YOUR ASSIGNMENT: Full transcription, minus images: write out the listing below exactly as it appears.

Start of INPUT DATA

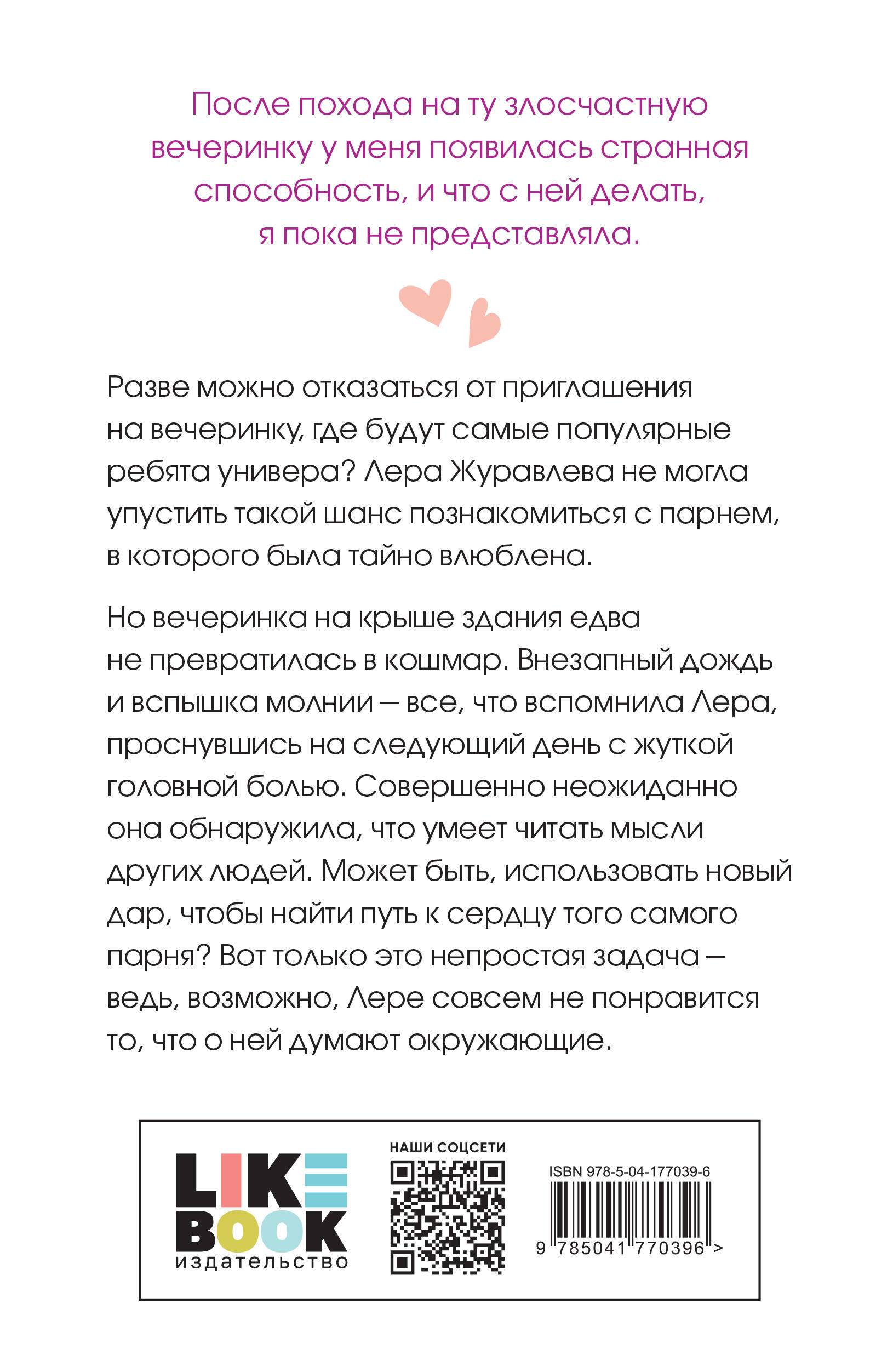 Популярный роман Аси Лавринович теперь в удобном формате покета! Разве можно отказаться от приглашения на вечеринку, где будут самые популярные ребята универа? Лера Журавлева не могла упустить такой шанс познакомиться с парнем, в которого была тайно влюблена. Но вечеринка на крыше здания едва не превратилась в кошмар. Внезапный дождь и вспышка молнии - все, что вспомнила Лера, проснувшись на следующий день с жуткой головной болью. Совершенно неожиданно она обнаружила, что умеет читать мысли других людей. Может быть, использовать новый дар, чтобы найти путь к сердцу того самого парня? Вот только это непростая задача - ведь, возможно, Лере совсем не понравится то, что о ней думают окружающие. Ася Лавринович - один из самых популярных молодежных авторов. Суммарный тираж ее книг составляет более 300 000 экземпляров.| Издательство | ООО "Издательство "Эксмо" |
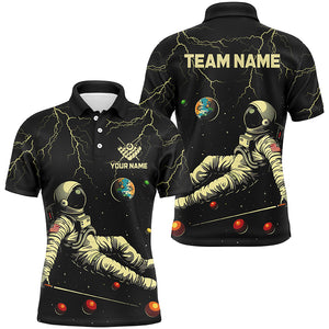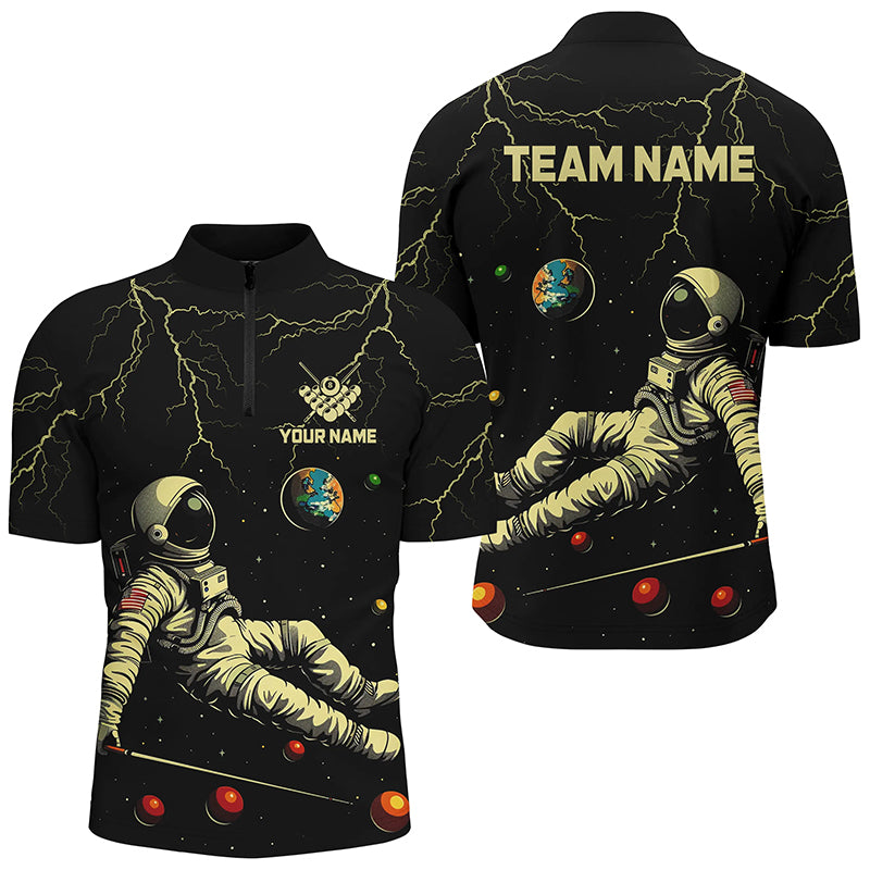 Personalized Black Astronaut Lightning Galaxy Billiard Shirts For Men, Funny Billiard Apparel TDM2029
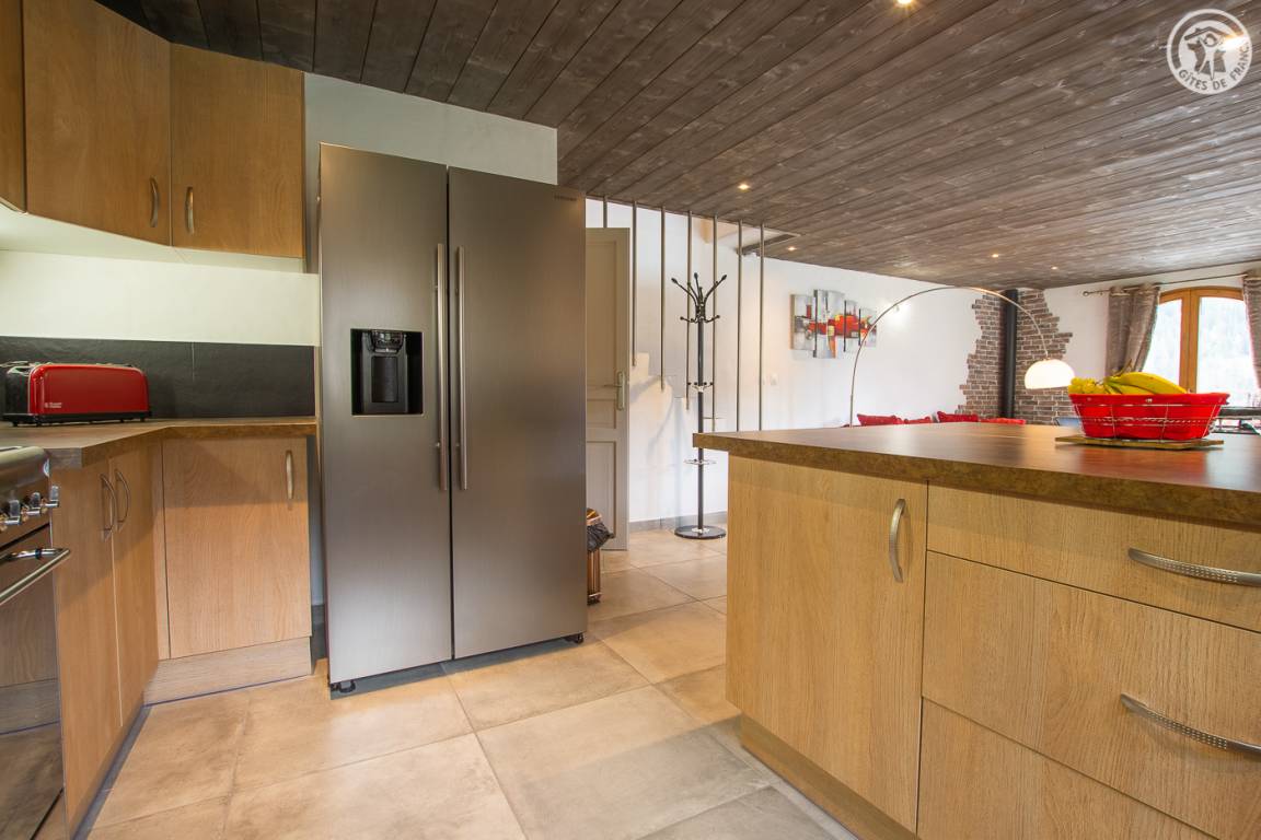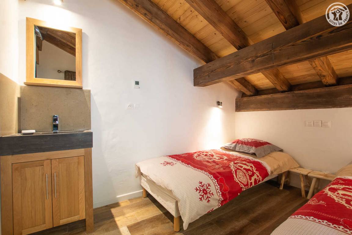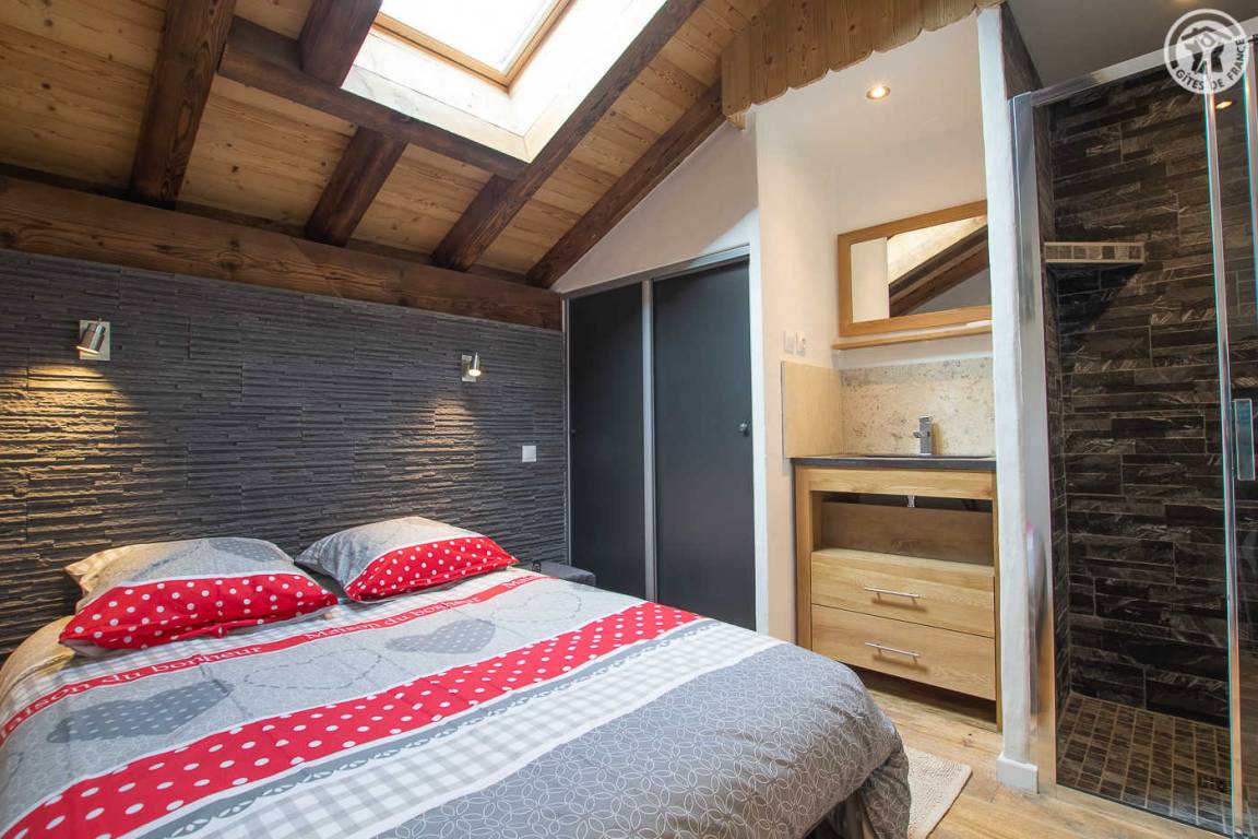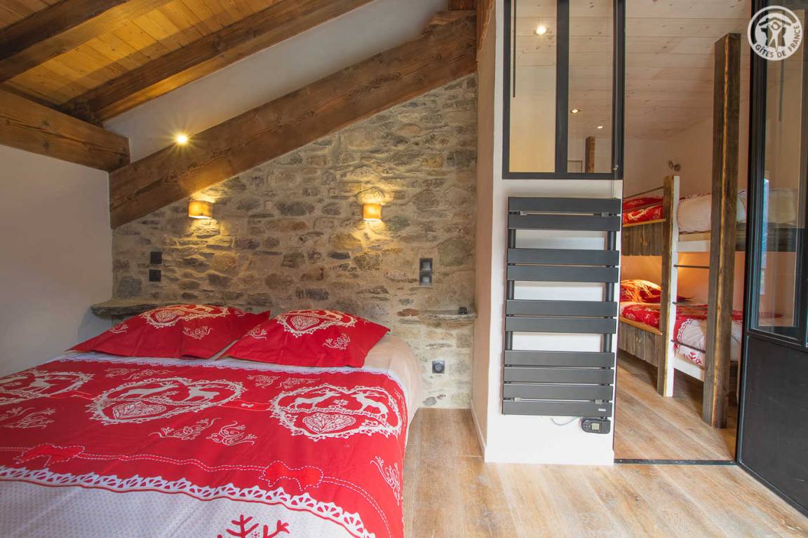 Chalet neben einem Hauptwohnsitz. Auf 3 Ebenen: Eingang durch die große Garage, Ruhebereich (mit TV), Wellnessbereich (mit 4-Sitzer-Sauna, Dusche, Badewanne), Waschküche (Waschmaschine und Trockner). Im 1. Stock: Wohnzimmer-Küche-Wohnzimmer mit großer 40 m² möblierter Balkon-Terrasse, WC. Im 2. Stock: 1 Schlafzimmer mit Balkon und Dusche (1 Doppelbett 160x200 cm und Schlafbereich mit 2 Etagenbetten), 2 Schlafzimmer mit Dusche, Waschbecken und TV (2 Etagenbetten / 1 Doppelbett 140x190 cm), WC . Garage zum Abstellen mehrerer Fahrzeuge, zum Abstellen von Fahrrädern, Motorrädern und Skiern.

End of INPUT DATA

RESPONSE:
 Популярный роман Аси Лавринович теперь в удобном формате покета! Разве можно отказаться от приглашения на вечеринку, где будут самые популярные ребята универа? Лера Журавлева не могла упустить такой шанс познакомиться с парнем, в которого была тайно влюблена. Но вечеринка на крыше здания едва не превратилась в кошмар. Внезапный дождь и вспышка молнии - все, что вспомнила Лера, проснувшись на следующий день с жуткой головной болью. Совершенно неожиданно она обнаружила, что умеет читать мысли других людей. Может быть, использовать новый дар, чтобы найти путь к сердцу того самого парня? Вот только это непростая задача - ведь, возможно, Лере совсем не понравится то, что о ней думают окружающие. Ася Лавринович - один из самых популярных молодежных авторов. Суммарный тираж ее книг составляет более 300 000 экземпляров.| Издательство | ООО "Издательство "Эксмо" |
 Personalized Black Astronaut Lightning Galaxy Billiard Shirts For Men, Funny Billiard Apparel TDM2029
 Chalet neben einem Hauptwohnsitz. Auf 3 Ebenen: Eingang durch die große Garage, Ruhebereich (mit TV), Wellnessbereich (mit 4-Sitzer-Sauna, Dusche, Badewanne), Waschküche (Waschmaschine und Trockner). Im 1. Stock: Wohnzimmer-Küche-Wohnzimmer mit großer 40 m² möblierter Balkon-Terrasse, WC. Im 2. Stock: 1 Schlafzimmer mit Balkon und Dusche (1 Doppelbett 160x200 cm und Schlafbereich mit 2 Etagenbetten), 2 Schlafzimmer mit Dusche, Waschbecken und TV (2 Etagenbetten / 1 Doppelbett 140x190 cm), WC . Garage zum Abstellen mehrerer Fahrzeuge, zum Abstellen von Fahrrädern, Motorrädern und Skiern.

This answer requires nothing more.